Мейер Левин познакомился с Отто вскоре после прочтения раннего издания «Дневника» и написал версию пьесы, которая понравилась Отто. Это был серьезный и правдивый рассказ о дневнике, в котором подчеркивалось еврейское происхождение Анны, но театральные продюсеры опасались, что зрители сочтут его слишком грустным и мрачным. Мейер Левин не смог найти успешного театрального продюсера, который поставил бы его версию пьесы, а другой вариант (гораздо более легкий и с менее заостренной еврейской темой) был заказан Фрэнсису Гудричу и Альберту Хакетту, которые написали пьесу под названием «Худой человек, отец невесты и семь невест для семи братьев».
Первоначально дружеские отношения Отто с Мейером Левином испортились, и Левин судился с Отто в течение нескольких лет. Дело втянуло всех, с кем либо Мейер, либо Отто имели дело, даже Элеонору Рузвельт. Полемика переросла в кровавое побоище. Левин писал гневные обвинения в газеты тех стран, куда приезжал Отто.
В январе 1960 года Левин писал ему: «Ваше поведение навсегда останется примером страшного зла и отцовского предательства слов дочери».
События, связанные с пьесой, разрушили жизнь Мейера Левина и сломили его. После его смерти дочь Левина написала, что ее отец «утратил свои моральные устои» в споре с Отто, но я немного сочувствовала Мейеру Левину, несмотря на то через что он заставил пройти Отто. Его версия пьесы была намного лучше, и я думала, что его обвинения не беспочвенны, что ее постановке помешал заговор Хакетта и Лиллиан Хеллман. В целом этот случай представлял собой яркий пример того, как наследие Анны Франк вызывает у людей глубокие чувства и даже безумие – и на мою жизнь оно повлияло тоже, особенно после того, как я начала рассказывать о своем собственном опыте.
Помимо крайне неприятной череды судебных баталий с Мейером Левином, Отто также принимал участие в судах против антисемитов и отрицателей Холокоста, которые оспаривали правдивость дневника, утверждая, что это подделка, написанная либо Отто, либо Мейером Левином.
В 1959 году в Германии Отто и два издательских дома подали в суд на Лотара Стило и Генриха Буддеберга, утверждавших, что дневник – подделка. В Базель направили трех экспертов для изучения рукописи, которая, как они заявили, является подлинной.

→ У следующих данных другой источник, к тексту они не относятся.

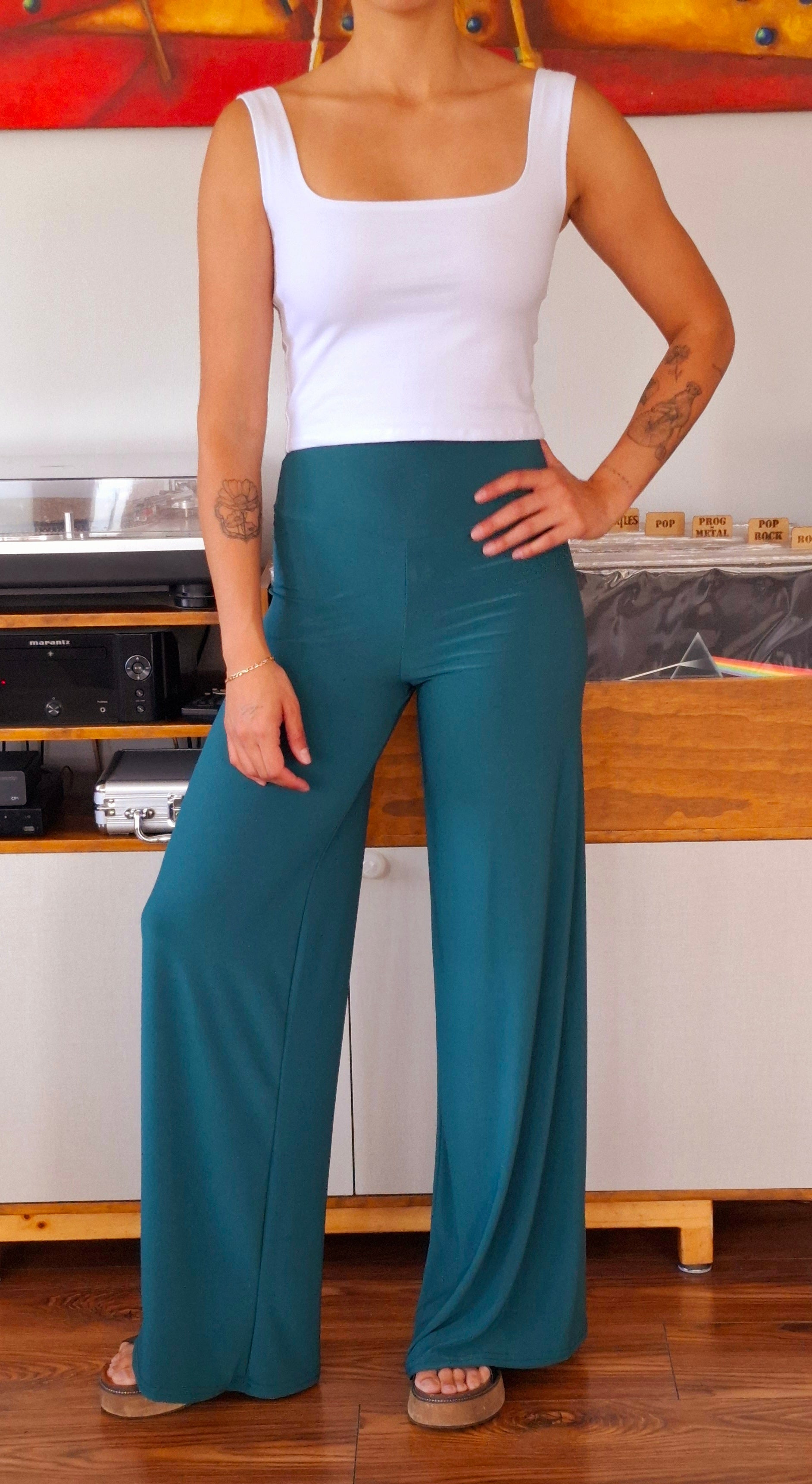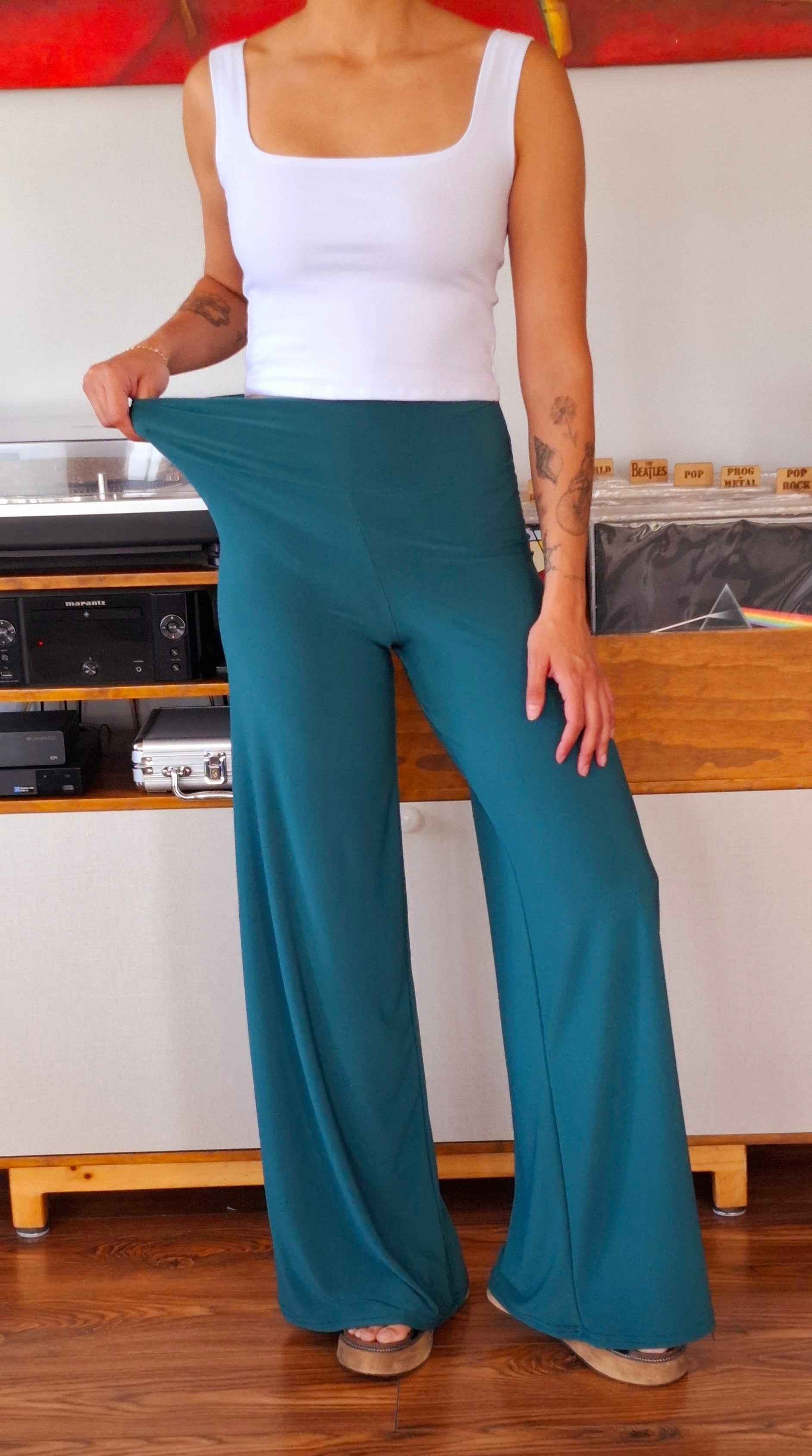 Tiro alto (no corta la cintura) y pretina ancha sin elástico recogido para que no marque ni apriete las zonas no deseadas. Pueden ser usados perfectamente en el embarazo por su corte alto.
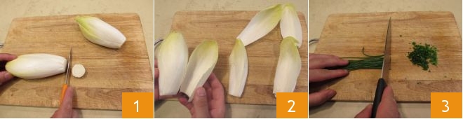 Pour préparer les barquettes d'endive aux fromages, commencez par nettoyer les légumes. Rincez les légumes et séchez-les bien avec un torchon propre. Ensuite, éliminez la partie du trognon de l'endive 1. Défeuillez-la délicatement pour obtenir 12 feuilles 2 en faisant attention à ne pas les casser. Mettez-les de côté. Continuez en hachant finement la ciboulette 3.
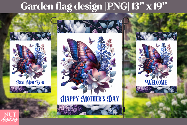 This Butterfly Garden Flag PNG features a stunning purple and blue butterfly surrounded by elegant spring flowers, perfect for Mother’s Day and seasonal outdoor decor. Designed for 13x19 garden flags, this printable sublimation file includes versatile phrases like “Happy Mother’s Day,” “Best Mom Ever,” and “Welcome.” Ideal for yard decoration, patio accents, and thoughtful mom gifts with vibrant floral charm.

Дело продолжалось до октября 1961 года, когда адвокаты Стило объявили, что он передумал, поскольку не было «никаких оснований утверждать, что дневник фальшивый».
Однако на протяжении многих лет Отто неоднократно был вынужден защищать произведение своей дочери в суде, включая известное разбирательство с отрицателем Холокоста Робертом Фориссоном, начатое в 1976 году. В итоге издателю Фориссона, Хайнцу Роту из Франкфурта, запретили публиковать брошюры с заявлениями о поддельности дневника Анны.
Эти затяжные судебные баталии измучили Отто, и обычно они сопровождались ростом антисемитской ненависти и личными нападками. Последний случай имел дальнейшие непредвиденные последствия, когда Отто поставили в известность о том, что из Германии прибудет еще одна группа экспертов для изучения всех имеющихся у него материалов относительно Анны.
Отто, который уже старел и был довольно болен в то время, воспринял эти слова буквально и дал одному из своих лучших друзей, Кору Суйку, несколько дополнительных неопубликованных страниц из дневника. Мне кажется, Отто воспринимал их как очень конфиденциальные, и думал, что, отдав их Суйку, он мог честно признаться немецким властям в полной передаче всех материалов, при этом сохранив их в тайне.
Я не думаю, что он был намерен отдать эти записи Суйку насовсем. Отто отслеживал каждую мельчайшую деталь публикации дневника и любил держать все под строгим контролем. Я считаю, что он не хотел увидеть эти страницы опубликованными, даже если бы доходы от продаж «Дневника» в США могли финансировать благотворительную деятельность.